Competition | 28 November 2009

Lucy Vickery presents the latest competition

issue 28 November 2009

In Competition 2623 you were invited to submit an extract from a novel or a play, of which one letter of the title had been changed, in the style of the original author.

It was especially tough this week to whittle a large postbag down to just six. Oh, to have the space to share with readers the delights of The Drapes of Wrath, Finnegans Cake, Wailing for Godot and Lady Chatterley’s Liver. Well done, one and all. D.A. Prince shone with ‘Paradise Post’, but, as I stipulated a novel or a play, she is excluded from the winning line-up.
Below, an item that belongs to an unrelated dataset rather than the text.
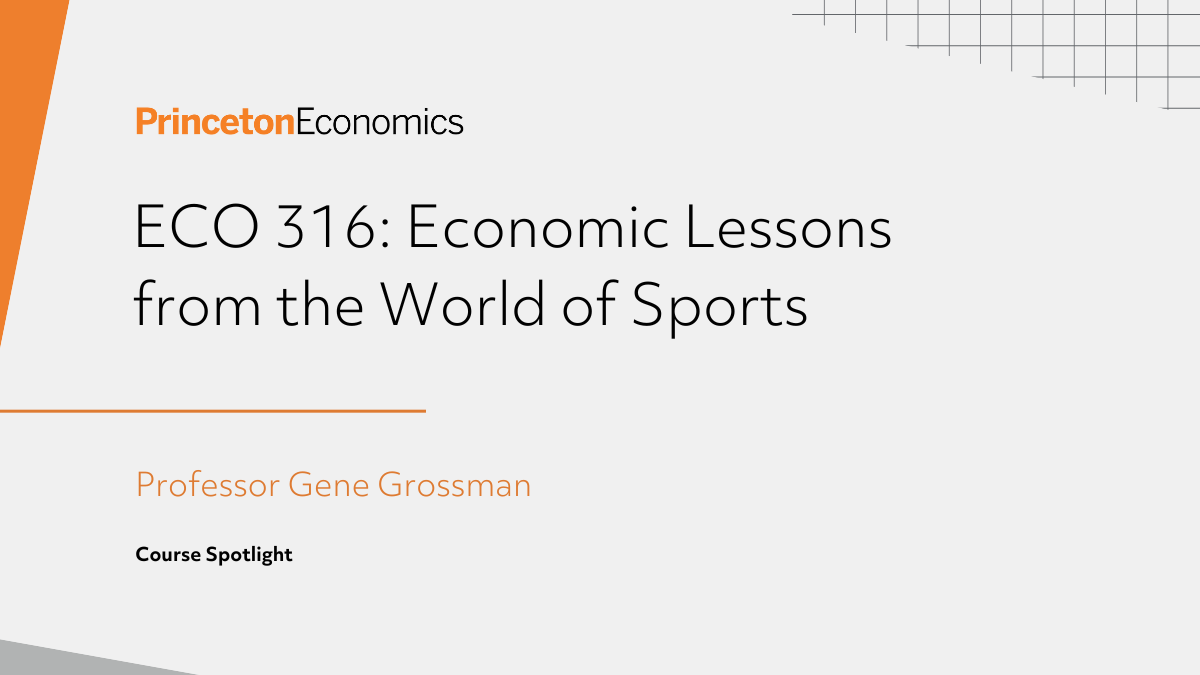 Learn more about ECO 316: Economic Lessons from the World of Sports with Professor Gene Grossman. In the fall semester of 2025, this course included lectures from four former Princeton athletes, now luminaries in the world of sports.

It’s £25 each to the victors, and Alan Millard nabs the bonus fiver.

Such was the variety to be observed from the esplanade shelter that, to Scabber Crout, none resembled another. Nor was it those on the face of the Jubilee Clock that so obsessed him, but rather those attached to the arms of each passer-by, whether walking towards the Nothe or in the opposite direction towards Greenhill. Some were instantly recognisable, like Mrs Stark’s of Upwey — barnacled with warts, or those of Rodwell’s rigger, Ranker Skewer — bony and white as coral. Scabber Crout’s eyes, quick as shark’s glance, shifted from one promenader to next, marvelling at the diversity of these peculiar appendages, some outspread like starfish and others clenched tight as mussels. Faces and feet were of no interest to Scabber. For now his focus was fixed entirely on these strange extremities, some large, some small, some gloved, others bare, but each as unique as the incoming wavelets lapping the shoreline.      
Alan Millard (Weymouth Hands/John Cowper Powys)
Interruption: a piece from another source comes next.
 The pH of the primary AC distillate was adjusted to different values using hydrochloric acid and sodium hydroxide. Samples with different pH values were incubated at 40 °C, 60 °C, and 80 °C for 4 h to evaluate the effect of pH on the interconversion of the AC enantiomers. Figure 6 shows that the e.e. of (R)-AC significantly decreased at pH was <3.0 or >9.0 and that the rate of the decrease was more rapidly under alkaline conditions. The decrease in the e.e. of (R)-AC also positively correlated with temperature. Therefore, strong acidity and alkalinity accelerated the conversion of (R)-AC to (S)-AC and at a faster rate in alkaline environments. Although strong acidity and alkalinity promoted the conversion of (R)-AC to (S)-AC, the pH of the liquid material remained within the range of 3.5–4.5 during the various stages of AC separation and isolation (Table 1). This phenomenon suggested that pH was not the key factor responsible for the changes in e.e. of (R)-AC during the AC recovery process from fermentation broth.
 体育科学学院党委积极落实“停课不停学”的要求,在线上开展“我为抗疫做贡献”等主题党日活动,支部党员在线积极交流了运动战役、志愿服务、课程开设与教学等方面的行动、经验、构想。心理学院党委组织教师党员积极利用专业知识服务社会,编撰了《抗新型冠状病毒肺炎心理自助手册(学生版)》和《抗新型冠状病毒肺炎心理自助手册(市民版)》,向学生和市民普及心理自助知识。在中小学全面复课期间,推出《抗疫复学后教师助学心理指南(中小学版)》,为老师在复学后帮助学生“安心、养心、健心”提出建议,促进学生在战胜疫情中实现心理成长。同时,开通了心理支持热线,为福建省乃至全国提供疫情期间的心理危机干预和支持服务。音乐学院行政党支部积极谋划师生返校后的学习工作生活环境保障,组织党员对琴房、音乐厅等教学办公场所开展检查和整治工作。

The old man lay back in the mud. He had known about mud all his life, but not like this, not on a bed. The old man could not see the mud because the gringo nurses had placed slices of the pepino plant on his eyes. Before the mud, the old man had had the hot stones and the thing with the feet. But in his life he had suffered much, and this had been nothing. They had given him the juice of the zanahoria, and it too was nothing. The gringo lady with the papeles had spoken of pampering. The old man did not know what this pampering was, but he knew he had the cojones for it. Had he not conquered the great fish? This is how it is, he thought, and waited for the aromatherapy to begin.
Noel Petty (The Old Man and the Spa/Ernest Hemingway)

All the world’s a road,
And all the men and women merely cyclists;
They have their exits and their entrances,
And one man in his time rides many kinds.
At first with three wheels, then with four for
        learning,
Then only two when training wheels come off.
He skins his knees and makes his parents shudder
When he fares forth from sidewalks into streets.
Then come ten gears, then carbon-fibre frames,
Then bright attire that girds his loins in Spandex
And sends him helm’d like Mars amongst the
        clowns
Who clog fair Arden’s lanes. At last he comes
Full circle, pedalling slowly in his dotage
A three-wheeled geezer model down to Boots,
An orange safety pennant for his guidon,
Sans teeth, sans eyes, sans ears, sans muscle-    tone.     
R.S. Gwynn (As You Bike It/Shakespeare)

The obsolescence of language troubled Yeobright much. Had a grammarian chanced upon the young man as he pored over his books, he should have heard a concatenation of sounds emanating from the lonely furze-cutter, his hook lying to one side, half-hidden on the heath’s surface. The time is approaching when the languages of antiquity, of Homer and Plato, of Tacitus and Livy, face a dangerous juncture. They may vanish, or they may survive. ‘Of what purpose are prepositions?’ said Clym out loud. ‘The case provides for the relationship. It is a gift in itself.’ His plan, as he outlined to his mother, was none other than to eliminate the excesses with which modern times, alas, have filled our sentences like bramble. ‘Provide me the opportunity, and I shall revive our ancient speech. Whom shall I find to assist me?’ ‘’Tis well-meant,’ said the locals. ‘But ’tis too late, methinks.’
Bill Greenwell (Return of the Dative/Thomas Hardy)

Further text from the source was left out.